# Directions for this task:
The copy must match the data word for word and contain no pictures.
***** Dataset extract
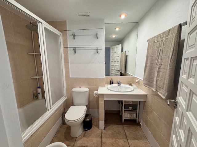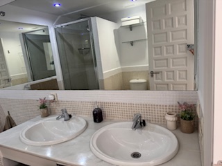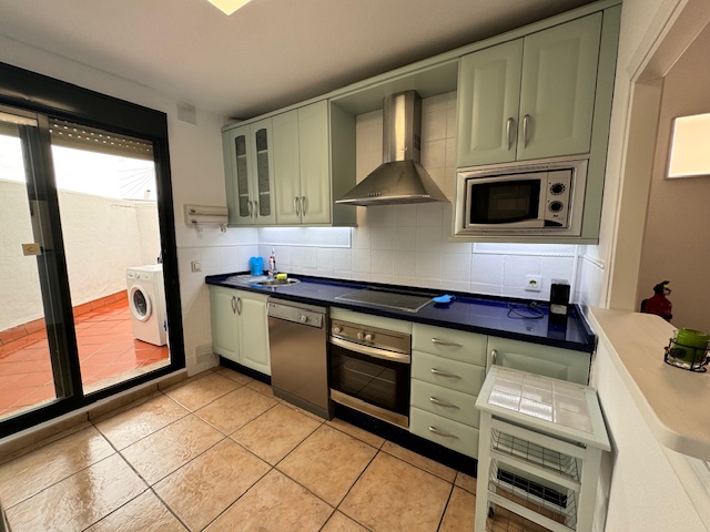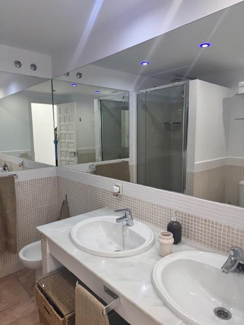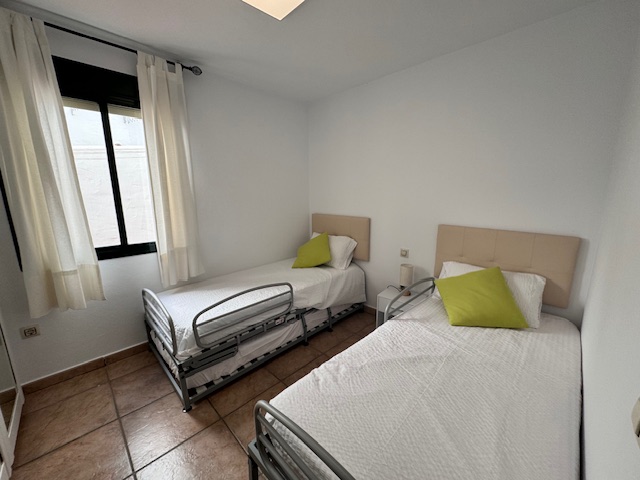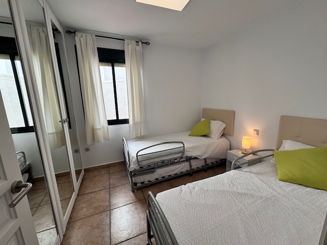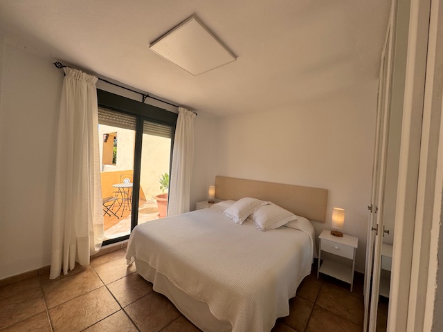 Alquiler de apartamento de 112 m2 a 50 m de la playa, en lujosa urbanización con 2 piscinas y 2 pistas de tenis-paddle. Gran salón, dos dormitorios, dos cuartos de baño, cocina, terraza de 14 m2 junto al salón, segunda terraza en dormitorio principal de unos 9 m2, patio interior de 20 m2 y garaje cubierto. Cama de matrimonio de 1,80 con colchón de viscoelástica con ventilador y aire acondicionado Tiene lavadora, lavavajillas, nevera de grandes dimensiones, freidora de aire y cafetera nespreso.
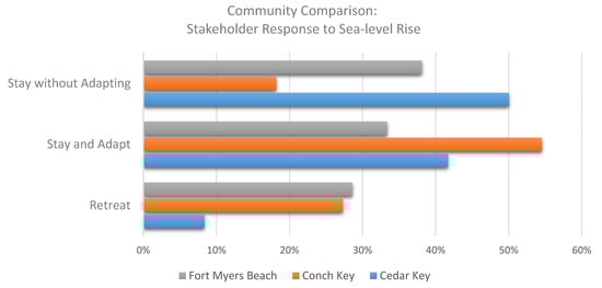Across the three communities featured in this study, 43 percent of the interviewees reported that they would ‘stay and adapt’, 34 percent reported that they would ‘stay without adapting’, and 23 percent said that they would ‘retreat’ or move inland if SLR began affecting their lives negatively. Respondents in Conch Key and Fort Myers Beach were more likely to choose ‘retreat’ as an option than respondents in Cedar Key (Figure 8). Conch Key respondents were more likely than the other two communities to choose to ‘stay and adapt’ and Cedar Key respondents were the most likely to choose ‘stay without adapting’ as a response.
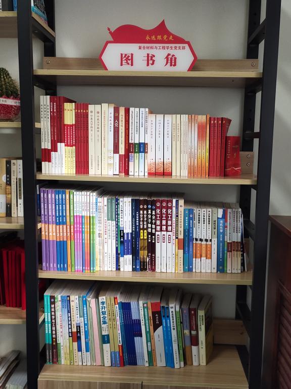 党支部在材学书屋打造复合材料与工程学生党支部图书角,为党支部同志和本专业学生提供学习场所和阅读书籍,让书本源源不断地循环利用下去,让广大同学从党史书籍中汲取智慧和力量,赓续红色血脉,同时从专业书籍中获取更多专业知识,让更多同学感受到党支部坚持为群众办实事的信心和决心。
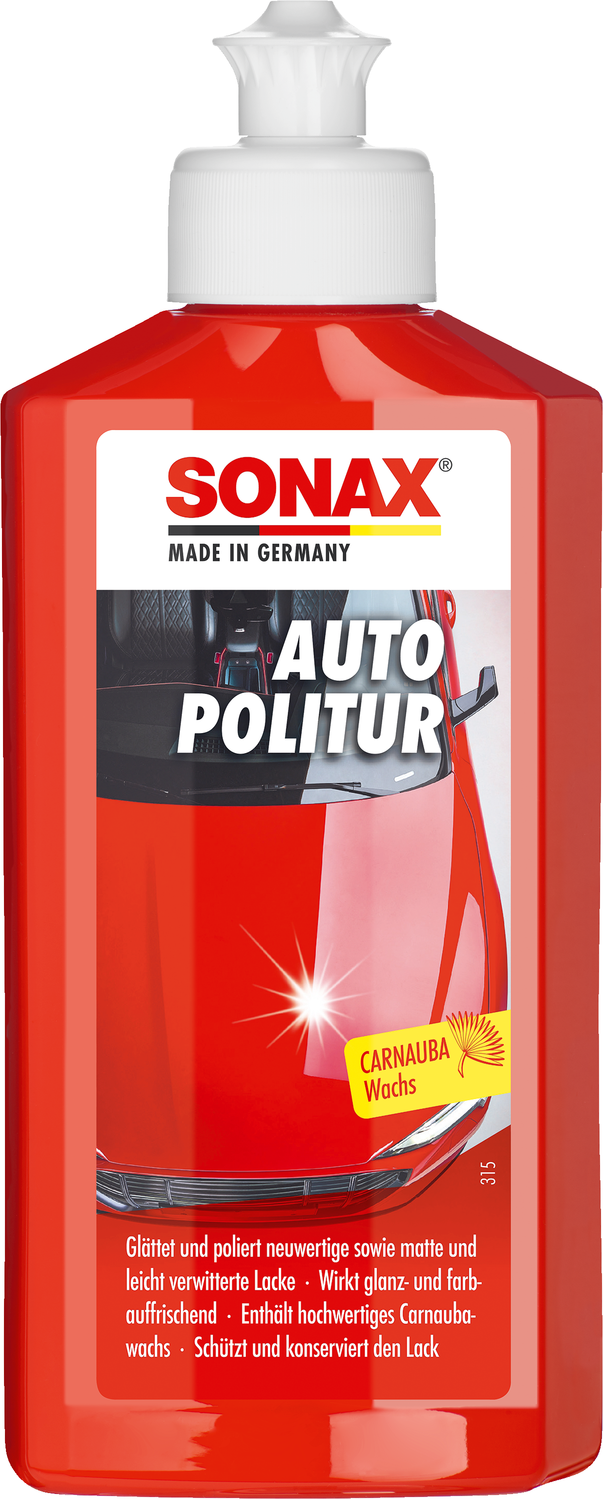 Wagen mit SONAX GlanzShampoo waschen. Flasche vor Gebrauch schütteln. Mit SONAX P-Ball oder SONAX ApplikationsSchwamm auf den feuchten oder trockenen Lack dünn auftragen und sofort mit mittlerem Druck verreiben. Immer zusammenhängende Bauteile (z.B. Motorhaube, Dach) in einem Arbeitsgang behandeln. Abschließend die Politurrückstände mit dem SONAX MicrofaserTuch außen entfernen. Nicht auf unlackierte Kunststoffteile auftragen.
**********
# Exercise output:
 Alquiler de apartamento de 112 m2 a 50 m de la playa, en lujosa urbanización con 2 piscinas y 2 pistas de tenis-paddle. Gran salón, dos dormitorios, dos cuartos de baño, cocina, terraza de 14 m2 junto al salón, segunda terraza en dormitorio principal de unos 9 m2, patio interior de 20 m2 y garaje cubierto. Cama de matrimonio de 1,80 con colchón de viscoelástica con ventilador y aire acondicionado Tiene lavadora, lavavajillas, nevera de grandes dimensiones, freidora de aire y cafetera nespreso.
Across the three communities featured in this study, 43 percent of the interviewees reported that they would ‘stay and adapt’, 34 percent reported that they would ‘stay without adapting’, and 23 percent said that they would ‘retreat’ or move inland if SLR began affecting their lives negatively. Respondents in Conch Key and Fort Myers Beach were more likely to choose ‘retreat’ as an option than respondents in Cedar Key (Figure 8). Conch Key respondents were more likely than the other two communities to choose to ‘stay and adapt’ and Cedar Key respondents were the most likely to choose ‘stay without adapting’ as a response.
 党支部在材学书屋打造复合材料与工程学生党支部图书角,为党支部同志和本专业学生提供学习场所和阅读书籍,让书本源源不断地循环利用下去,让广大同学从党史书籍中汲取智慧和力量,赓续红色血脉,同时从专业书籍中获取更多专业知识,让更多同学感受到党支部坚持为群众办实事的信心和决心。
 Wagen mit SONAX GlanzShampoo waschen. Flasche vor Gebrauch schütteln. Mit SONAX P-Ball oder SONAX ApplikationsSchwamm auf den feuchten oder trockenen Lack dünn auftragen und sofort mit mittlerem Druck verreiben. Immer zusammenhängende Bauteile (z.B. Motorhaube, Dach) in einem Arbeitsgang behandeln. Abschließend die Politurrückstände mit dem SONAX MicrofaserTuch außen entfernen. Nicht auf unlackierte Kunststoffteile auftragen.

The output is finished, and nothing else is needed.